Validating in algorithm
These repeated partitions can be done in various ways, such as dividing into 2 equal datasets and using them as training/validation, and then validation/training, or repeatedly selecting a random subset as a validation dataset), which splits a complete multi-class problem into a set of smaller classification problems.It serves for learning more accurate concepts due to simpler classification boundaries in subtasks and individual feature selection procedures for subtasks.The performance of the networks is then compared by evaluating the error function using an independent validation set, and the network having the smallest error with respect to the validation set is selected. Since this procedure can itself lead to some overfitting to the validation set, the performance of the selected network should be confirmed by measuring its performance on a third independent set of data called a test set.

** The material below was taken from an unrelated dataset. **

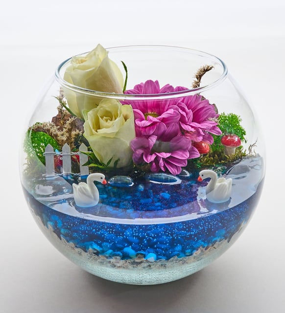 Beyaz güllerin dingin zarafeti ile pembe papatyaların yumuşak neşesi, cam fanusun içinde küçük bir bahçe sessizliği kuruyor. Ağaç kabuğu ve minik bahçe çiti, çakıl taşlarıyla birlikte pastoral bir patikayı hatırlatırken, zarif kuğu figürü bu sahneye narin bir duruş katıyor. Yosun ve tatarika dokuları, doğanın yavaş ritmini taşıyor. Mum jel, kompozisyonu ılık bir parıltıyla tamamlayarak mekana nazik bir sıcaklık yayıyor.
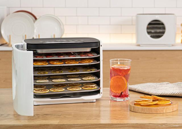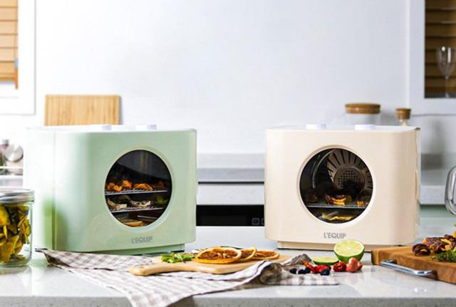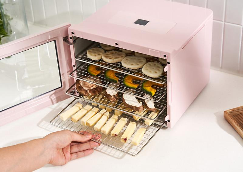레이를 탑재해 한꺼번에 많은 양의 식품을 건조시킬 수 있는 제품이다. 재료의 부피에 따라 두 가지의 높 이로 활용할 수 있는데, 낮게 트레이를 쌓을 경우에는 높이가 14 cm 까지 줄어든다. 속이 훤히 보이는 투명 트레이를 적용해 건조되는 과정을 직관적으로 볼 수 있으며, 온도와 시간을 바로 조절할 수 있다. 본 제품 의 공식몰 판매가는 58,960원이다.

The data used to build the final model usually comes from multiple datasets.a neural net or a naive Bayes classifier) is trained on the training dataset using a supervised learning method (e.g. In practice, the training dataset often consist of pairs of an input vector and the corresponding answer vector or scalar, which is commonly denoted as the target.The current model is run with the training dataset and produces a result, which is then compared with the target, for each input vector in the training dataset.When doing classification decomposition, the central choice is the order of combination of smaller classification steps, called the classification path.Depending on the application, it can be derived from the confusion matrix and, uncovering the reasons for typical errors and finding ways to prevent the system make those in the future.